## [TASK DESCRIPTION]
Exactly reproduce the lines from the one containing "Дети пели песни, рассказывали" through the last line of the data, both ends included, leaving out pictures.

Collection entries:
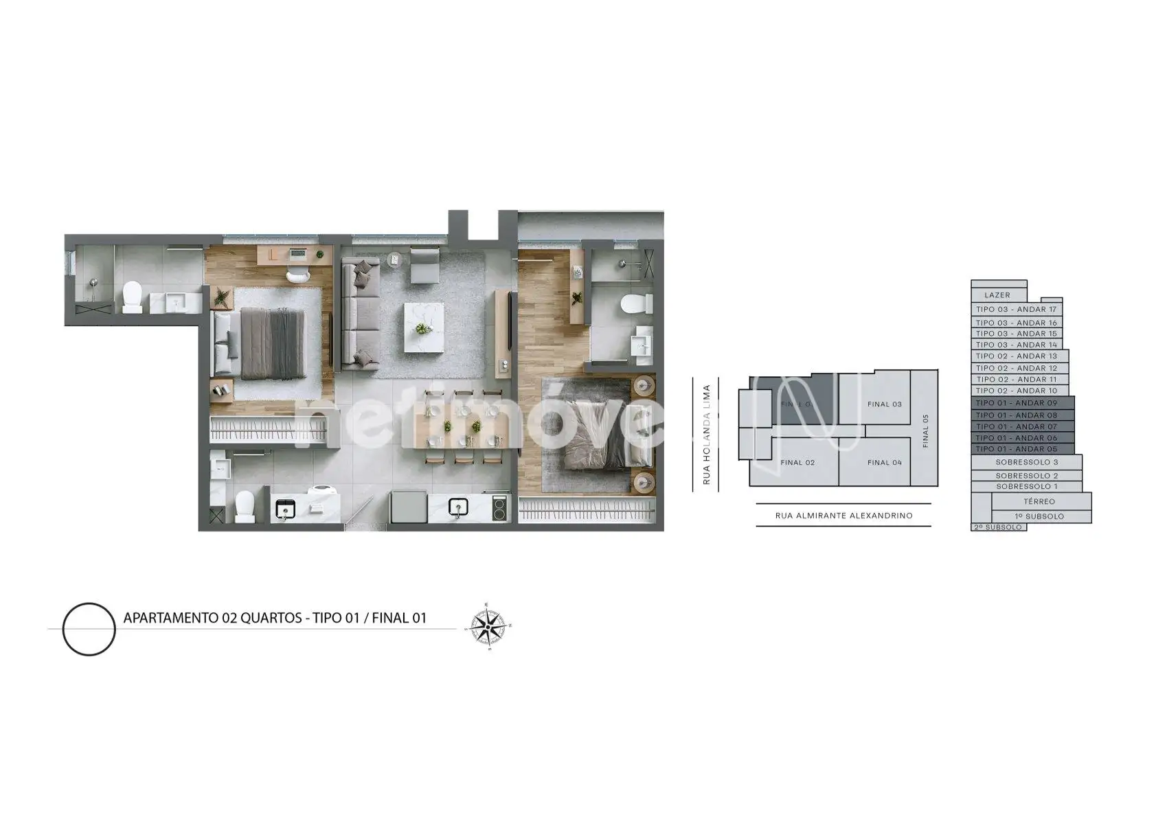 Encante-se com este lindo apartamento de 2 quartos, ambos com suítes espaçosas, que oferecem o máximo de conforto e privacidade para você e sua família.
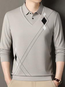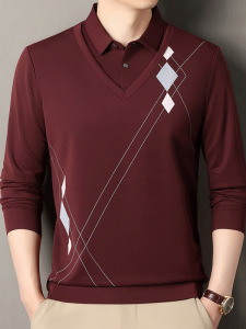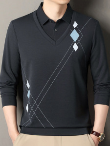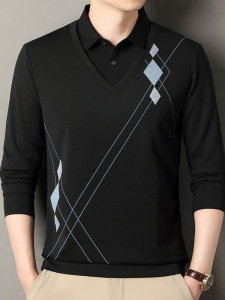 2025新款假两件长袖POLO衫秋冬季男士卫衣条纹宽松亲肤休闲打底衫
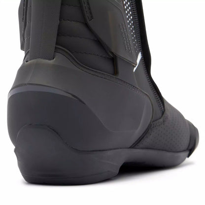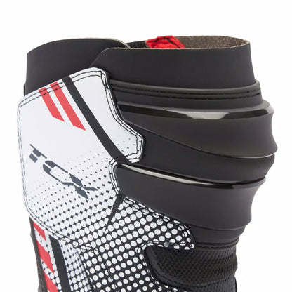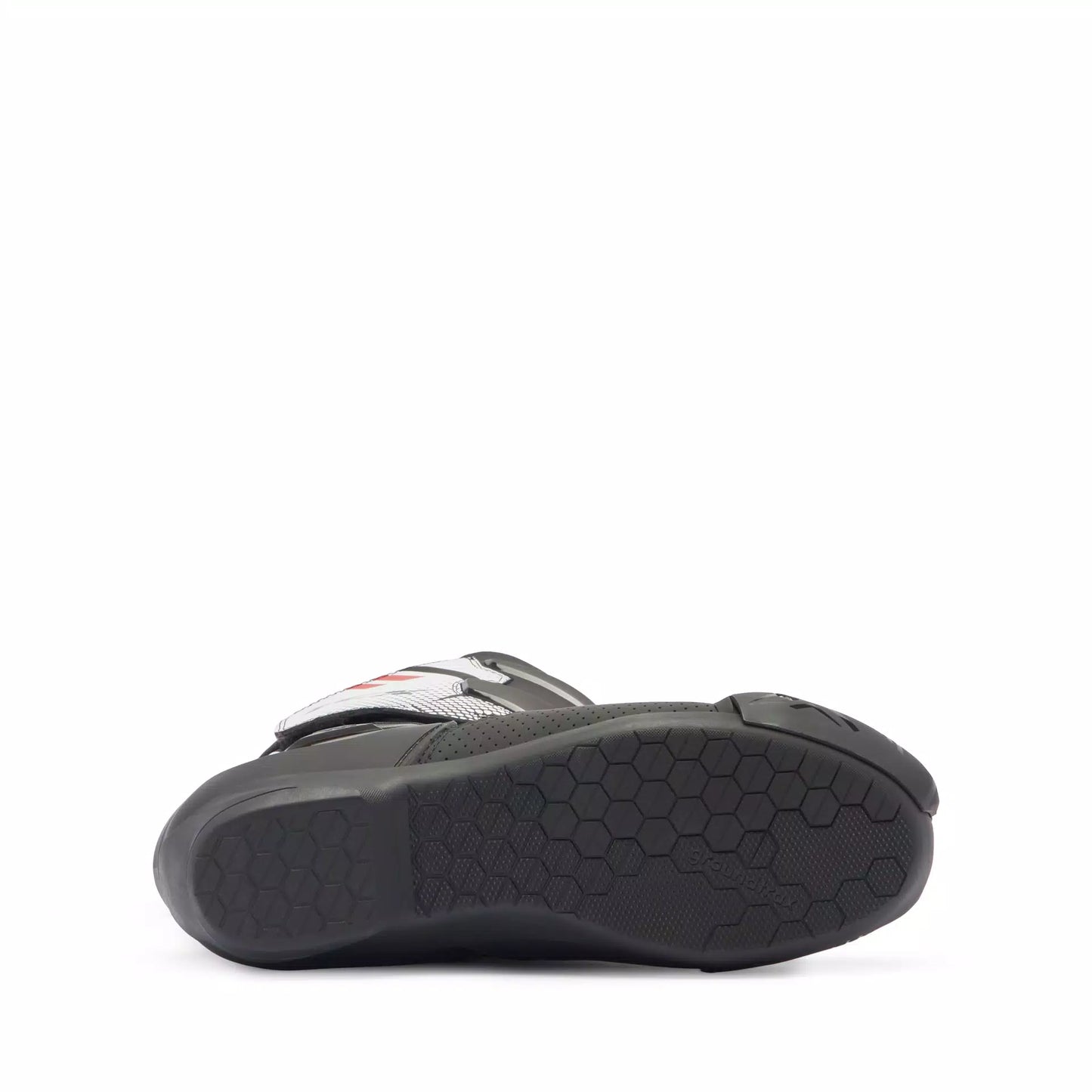 Blending TCX's high-quality standards and maximum protection, S-TR1 Air are the new sports boots designed to protect foot, joint and shin – the perfect balance between safety and comfort. Ventilation is optimized by the perforated upper and the front joint in breathable mesh fabric with integrated hot-melt bands – for optimal comfort even at high temperatures. Front protection is guaranteed by the upper construction in rigid TPU structure and lower soft padding – an innovative and functional design for padded shin protection resulting in boots boasting excellent flexibility. The TCS® (Torsion Control System) – specially designed to accompany the ankle as it moves through its optimal range of action – guides the movement of the foot joint, thus avoiding the risk of unwelcome twisting, hyper-extension and hyperflexion. The Groundtrax® sole boasts a specially designed tread that ensures perfect grip on the motorcycle’s controls as well as on asphalt, in all weather conditions.
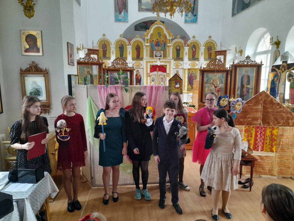 Дети пели песни, рассказывали стихи, выступали в качестве героев театрализованных постановок. К примеру, пасхальная версия сказки “Теремок” рассказала зрителям о том, как животные помогли девочке Насте подготовиться к Пасхе и встретить ее. А главной мыслью кукольного спектакля про Красную Шапочку было понимание того, что доброта – это главная сила в мире.
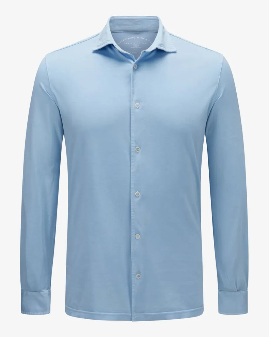Jason ML Jerseyhemd für Herren von Fedeli in Hellblau. Dank der markantenMerkmale eines Polo-Shirts erhält das Freizeit-Hemd einen sportlichen Charakter,welcher durch die angenehme Jersey-Qualität, die durchgehende Knopfleiste unddie langen Ärmel elegant ergänzt wird.
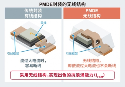 PMDE封装通过扩大其背面电极面积,增加了金属部分所占的面积,从而实现了34.8N的贴装强度,约为SOD-123FL封装的1.4倍。该优势降低了电路板承受应力时产生裂纹(产品龟裂)的风险,有助于提高可靠性。此外,通过采用将芯片直接夹在框架之间的无线结构,还实现了出色的抗浪涌电流能力(IFSM)。即使在汽车引擎启动和家电运行异常等突发大电流状况下,也不易损坏,高可靠性得到保证。
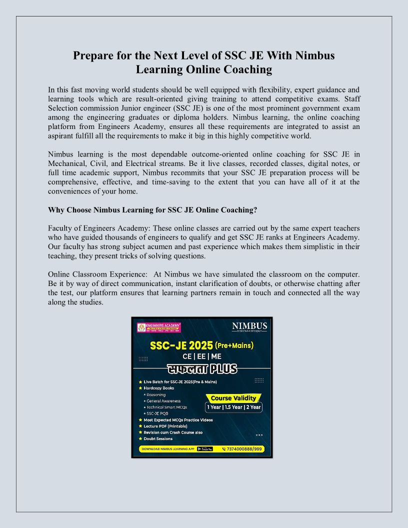 Prepare for the Next Level of SSC JE With Nimbus Learning Online Coaching
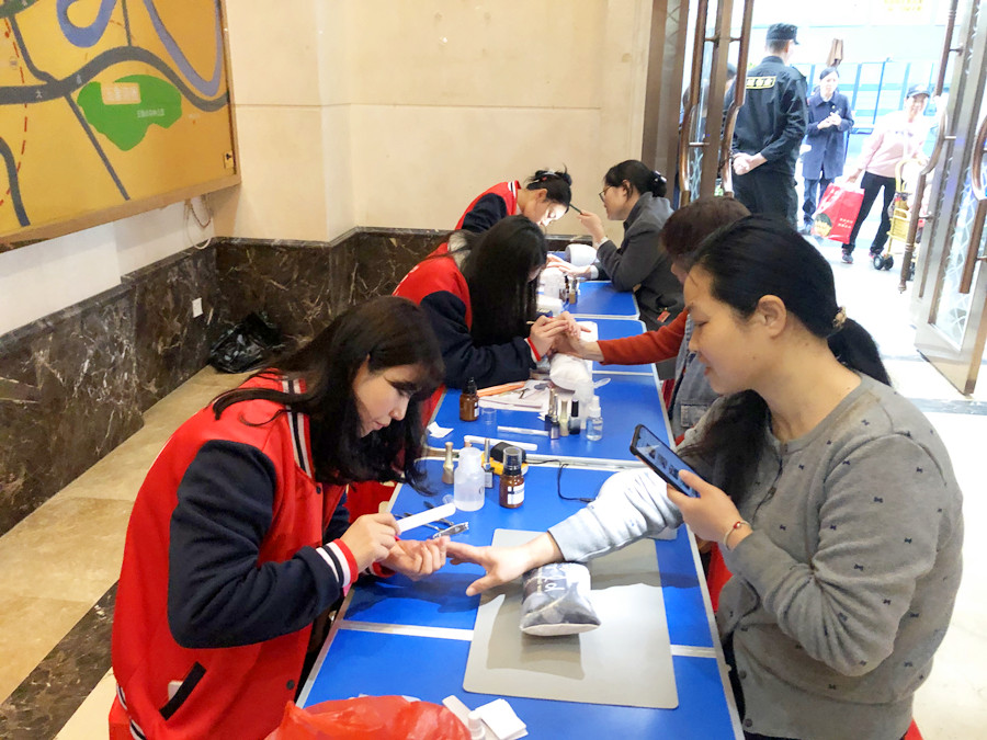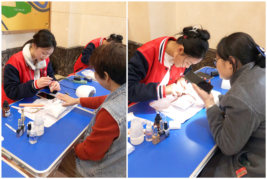 活動(dòng)當(dāng)天,同學(xué)們雖然只為居民提供了簡單的修手,修剪死皮,打磨甲型,甲面護(hù)理以及進(jìn)行單色涂抹,但大家并沒有因此就變得怠慢。面對居民的需求,大家細(xì)心對待,用專 業(yè)技術(shù)去服務(wù)每一個(gè)居民,讓她們感受美甲技術(shù)的魅力。

## [ANSWER SPACE]
 Дети пели песни, рассказывали стихи, выступали в качестве героев театрализованных постановок. К примеру, пасхальная версия сказки “Теремок” рассказала зрителям о том, как животные помогли девочке Насте подготовиться к Пасхе и встретить ее. А главной мыслью кукольного спектакля про Красную Шапочку было понимание того, что доброта – это главная сила в мире.
Jason ML Jerseyhemd für Herren von Fedeli in Hellblau. Dank der markantenMerkmale eines Polo-Shirts erhält das Freizeit-Hemd einen sportlichen Charakter,welcher durch die angenehme Jersey-Qualität, die durchgehende Knopfleiste unddie langen Ärmel elegant ergänzt wird.
 PMDE封装通过扩大其背面电极面积,增加了金属部分所占的面积,从而实现了34.8N的贴装强度,约为SOD-123FL封装的1.4倍。该优势降低了电路板承受应力时产生裂纹(产品龟裂)的风险,有助于提高可靠性。此外,通过采用将芯片直接夹在框架之间的无线结构,还实现了出色的抗浪涌电流能力(IFSM)。即使在汽车引擎启动和家电运行异常等突发大电流状况下,也不易损坏,高可靠性得到保证。
 Prepare for the Next Level of SSC JE With Nimbus Learning Online Coaching
 活動(dòng)當(dāng)天,同學(xué)們雖然只為居民提供了簡單的修手,修剪死皮,打磨甲型,甲面護(hù)理以及進(jìn)行單色涂抹,但大家并沒有因此就變得怠慢。面對居民的需求,大家細(xì)心對待,用專 業(yè)技術(shù)去服務(wù)每一個(gè)居民,讓她們感受美甲技術(shù)的魅力。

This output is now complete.